- EXERCISE: Could the lines from the top of the material to the line that contains "Carrello termico a" be retyped exactly, both included and pictures omitted?

_ _ _ _

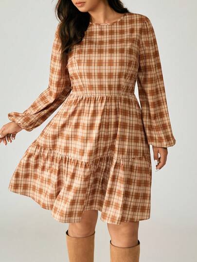 Nubod Robe à carreaux volantée grande taille - Multicolore - Voir 1
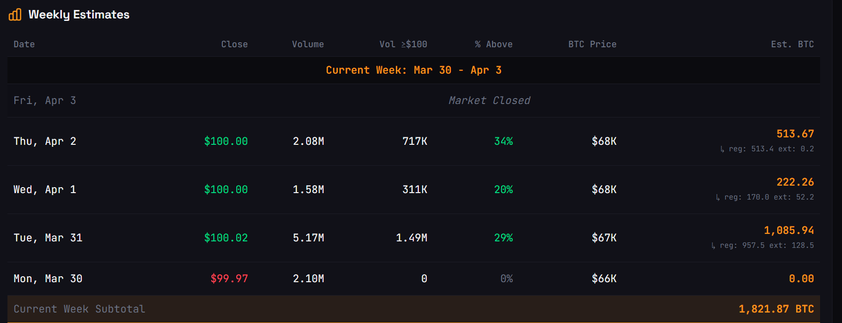 За оцінками STRC. LIVE, Strategy може бути встановлено на покупку щонайменше 1821 BTC на основі коштів, зібраних за тиждень, що закінчився 3 квітня.
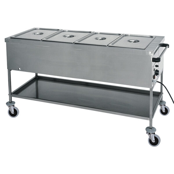 Carrello termico a bagnomaria in acciaio inox – Temp. +30°C/+90°C – Dim. cm 148x65x85h
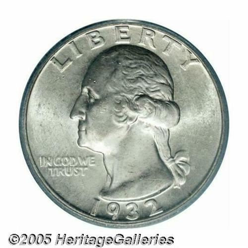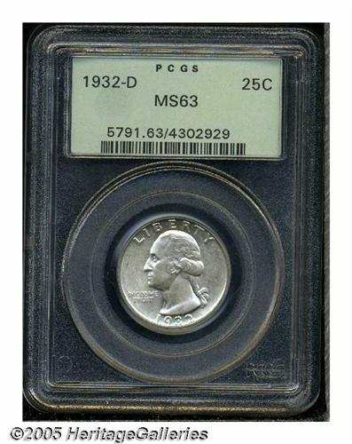 <B>1932-D<25C> MS63 PCGS.</B></I> Select quality for this desirable first-year key, being well detailed with blushes of milky patina across the obverse. A few pinpoint abrasions on and to the left of Washington's portrait limit the grade.
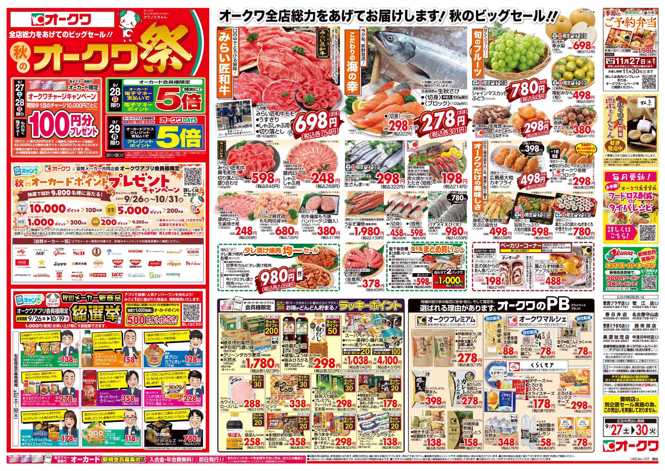オークワ名古屋守山店今週のチラシ(2025年9月29日〜10月5日)

_ _ _ _

- TASK ANSWER:
 Nubod Robe à carreaux volantée grande taille - Multicolore - Voir 1
 За оцінками STRC. LIVE, Strategy може бути встановлено на покупку щонайменше 1821 BTC на основі коштів, зібраних за тиждень, що закінчився 3 квітня.
 Carrello termico a bagnomaria in acciaio inox – Temp. +30°C/+90°C – Dim. cm 148x65x85h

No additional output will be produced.